Records supplied:
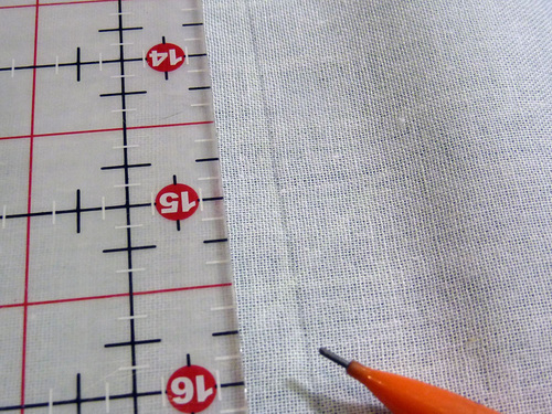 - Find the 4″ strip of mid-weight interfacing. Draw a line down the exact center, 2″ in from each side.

--

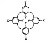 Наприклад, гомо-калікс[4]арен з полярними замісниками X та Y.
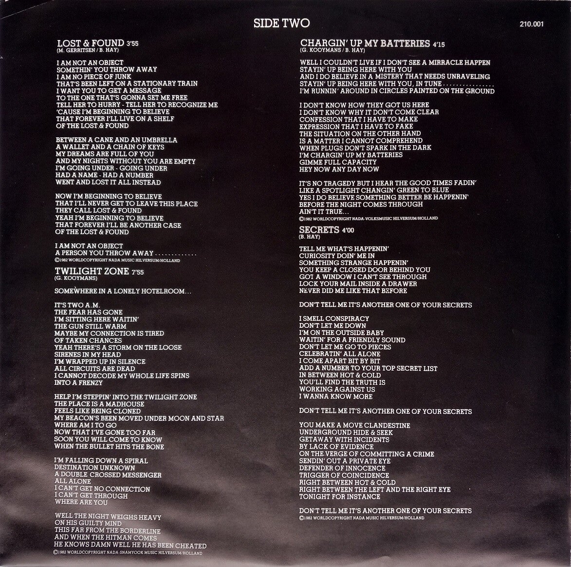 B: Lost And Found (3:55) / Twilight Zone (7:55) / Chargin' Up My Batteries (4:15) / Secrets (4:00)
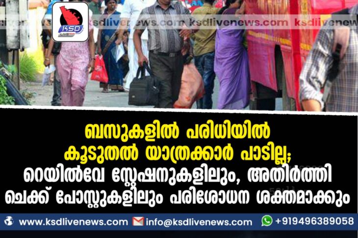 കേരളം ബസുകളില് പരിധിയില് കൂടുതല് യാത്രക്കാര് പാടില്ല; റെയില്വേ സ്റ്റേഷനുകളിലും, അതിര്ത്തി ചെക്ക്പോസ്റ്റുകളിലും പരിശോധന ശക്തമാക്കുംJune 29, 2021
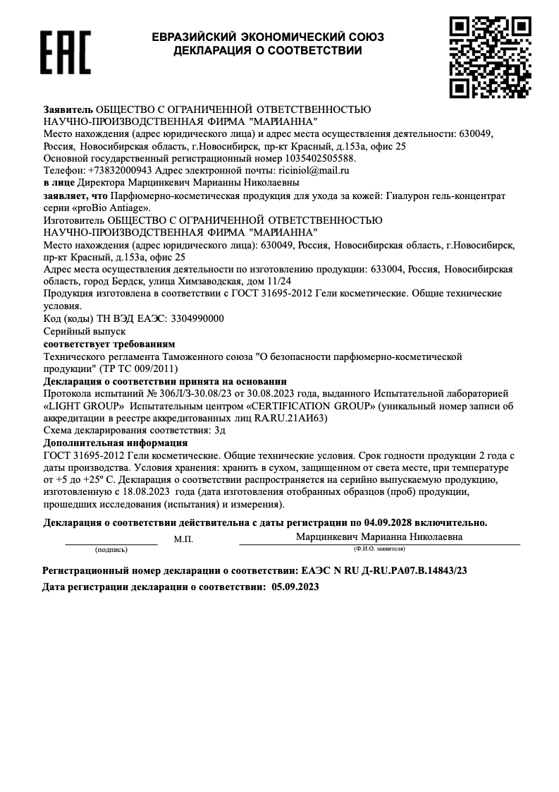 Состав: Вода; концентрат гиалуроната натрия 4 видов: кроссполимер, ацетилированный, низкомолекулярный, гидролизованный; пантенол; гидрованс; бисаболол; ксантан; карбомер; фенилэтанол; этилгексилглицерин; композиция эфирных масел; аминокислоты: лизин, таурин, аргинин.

--

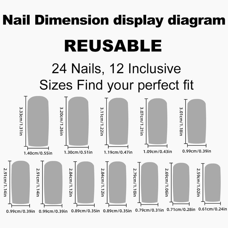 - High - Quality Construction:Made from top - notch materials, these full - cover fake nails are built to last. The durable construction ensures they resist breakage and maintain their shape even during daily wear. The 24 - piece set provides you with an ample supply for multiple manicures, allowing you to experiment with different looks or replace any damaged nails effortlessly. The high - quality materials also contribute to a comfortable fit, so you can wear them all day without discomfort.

The problem: Look through the material above. Transcribe exactly the lines between the ones with "B: Lost And" and "Состав: Вода; концентрат", inclusive, and keep pictures out.

Exercise output:
 B: Lost And Found (3:55) / Twilight Zone (7:55) / Chargin' Up My Batteries (4:15) / Secrets (4:00)
 കേരളം ബസുകളില് പരിധിയില് കൂടുതല് യാത്രക്കാര് പാടില്ല; റെയില്വേ സ്റ്റേഷനുകളിലും, അതിര്ത്തി ചെക്ക്പോസ്റ്റുകളിലും പരിശോധന ശക്തമാക്കുംJune 29, 2021
 Состав: Вода; концентрат гиалуроната натрия 4 видов: кроссполимер, ацетилированный, низкомолекулярный, гидролизованный; пантенол; гидрованс; бисаболол; ксантан; карбомер; фенилэтанол; этилгексилглицерин; композиция эфирных масел; аминокислоты: лизин, таурин, аргинин.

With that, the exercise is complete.